Task instructions.
All lines in the records below from the line with "校内のチューリップがきれいに咲いて新入生を暖かく迎えています。" through the line with "- Nepal has" are to be given again exactly, both ends included; the pictures are to be left out.

Given data.

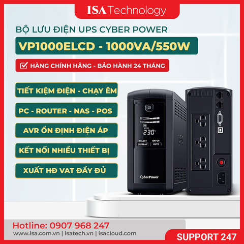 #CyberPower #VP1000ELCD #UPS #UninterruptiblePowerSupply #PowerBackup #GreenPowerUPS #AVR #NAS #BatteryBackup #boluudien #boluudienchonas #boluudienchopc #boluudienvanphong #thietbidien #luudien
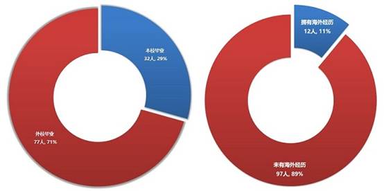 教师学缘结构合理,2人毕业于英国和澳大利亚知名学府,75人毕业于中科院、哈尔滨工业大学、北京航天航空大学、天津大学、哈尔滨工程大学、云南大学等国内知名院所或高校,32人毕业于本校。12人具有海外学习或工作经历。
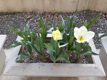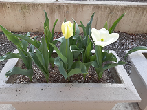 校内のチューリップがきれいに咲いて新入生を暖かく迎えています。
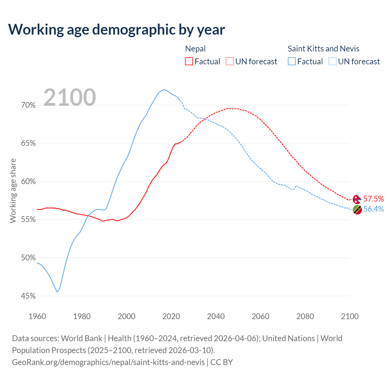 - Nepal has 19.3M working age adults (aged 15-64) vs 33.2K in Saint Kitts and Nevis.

---

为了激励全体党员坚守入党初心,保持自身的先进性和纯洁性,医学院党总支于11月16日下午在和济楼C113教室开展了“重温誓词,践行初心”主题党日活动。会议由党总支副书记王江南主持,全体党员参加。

Result of this exercise.
 校内のチューリップがきれいに咲いて新入生を暖かく迎えています。
 - Nepal has 19.3M working age adults (aged 15-64) vs 33.2K in Saint Kitts and Nevis.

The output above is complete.